### TASK TO COMPLETE
Could you retype the lines below, starting at the line holding "Kaza; Erzin ilçesi" and stopping at the line holding "La Revisión Sistemática", inclusive? Copy them exactly and drop the images.

### AVAILABLE RECORDS

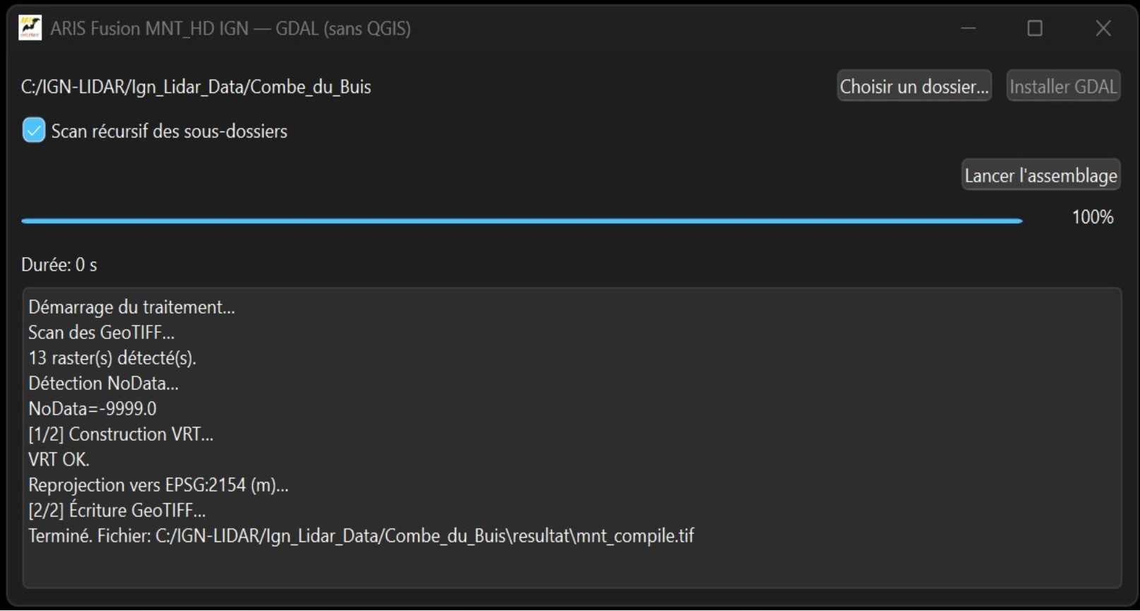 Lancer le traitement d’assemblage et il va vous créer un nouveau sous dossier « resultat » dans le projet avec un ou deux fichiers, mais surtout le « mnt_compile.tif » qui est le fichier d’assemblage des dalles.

* * *

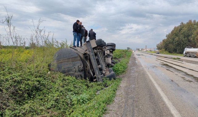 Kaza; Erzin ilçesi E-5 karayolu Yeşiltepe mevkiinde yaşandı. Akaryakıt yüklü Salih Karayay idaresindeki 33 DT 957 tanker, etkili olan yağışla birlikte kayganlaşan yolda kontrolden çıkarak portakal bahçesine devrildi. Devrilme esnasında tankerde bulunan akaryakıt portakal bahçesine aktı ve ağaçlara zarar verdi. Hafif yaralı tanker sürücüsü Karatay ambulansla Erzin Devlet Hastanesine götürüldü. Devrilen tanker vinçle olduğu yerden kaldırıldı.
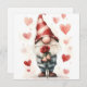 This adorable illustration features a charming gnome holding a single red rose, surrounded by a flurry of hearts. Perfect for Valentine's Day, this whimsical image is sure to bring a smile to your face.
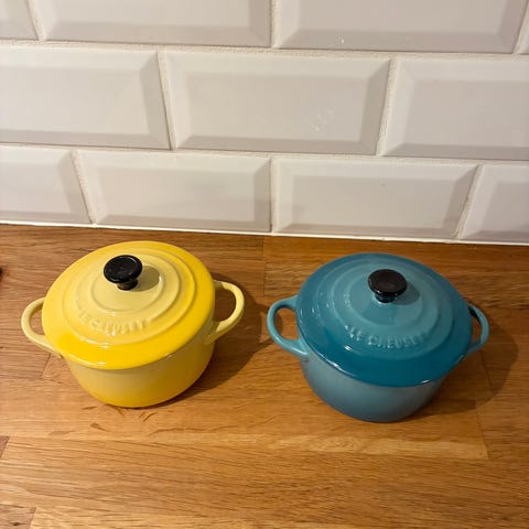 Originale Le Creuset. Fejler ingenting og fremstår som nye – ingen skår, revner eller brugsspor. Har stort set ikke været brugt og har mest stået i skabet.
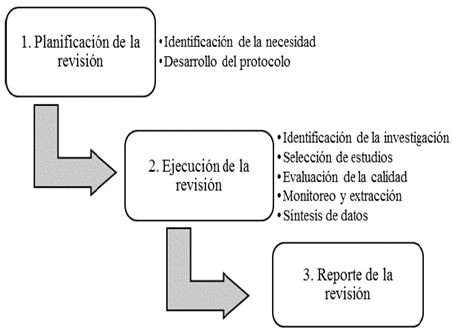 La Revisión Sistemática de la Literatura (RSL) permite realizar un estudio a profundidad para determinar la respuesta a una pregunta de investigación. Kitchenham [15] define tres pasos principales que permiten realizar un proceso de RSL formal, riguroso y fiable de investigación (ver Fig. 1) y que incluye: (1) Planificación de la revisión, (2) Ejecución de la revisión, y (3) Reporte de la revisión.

### THE COMPLETED TASK
 Kaza; Erzin ilçesi E-5 karayolu Yeşiltepe mevkiinde yaşandı. Akaryakıt yüklü Salih Karayay idaresindeki 33 DT 957 tanker, etkili olan yağışla birlikte kayganlaşan yolda kontrolden çıkarak portakal bahçesine devrildi. Devrilme esnasında tankerde bulunan akaryakıt portakal bahçesine aktı ve ağaçlara zarar verdi. Hafif yaralı tanker sürücüsü Karatay ambulansla Erzin Devlet Hastanesine götürüldü. Devrilen tanker vinçle olduğu yerden kaldırıldı.
 This adorable illustration features a charming gnome holding a single red rose, surrounded by a flurry of hearts. Perfect for Valentine's Day, this whimsical image is sure to bring a smile to your face.
 Originale Le Creuset. Fejler ingenting og fremstår som nye – ingen skår, revner eller brugsspor. Har stort set ikke været brugt og har mest stået i skabet.
 La Revisión Sistemática de la Literatura (RSL) permite realizar un estudio a profundidad para determinar la respuesta a una pregunta de investigación. Kitchenham [15] define tres pasos principales que permiten realizar un proceso de RSL formal, riguroso y fiable de investigación (ver Fig. 1) y que incluye: (1) Planificación de la revisión, (2) Ejecución de la revisión, y (3) Reporte de la revisión.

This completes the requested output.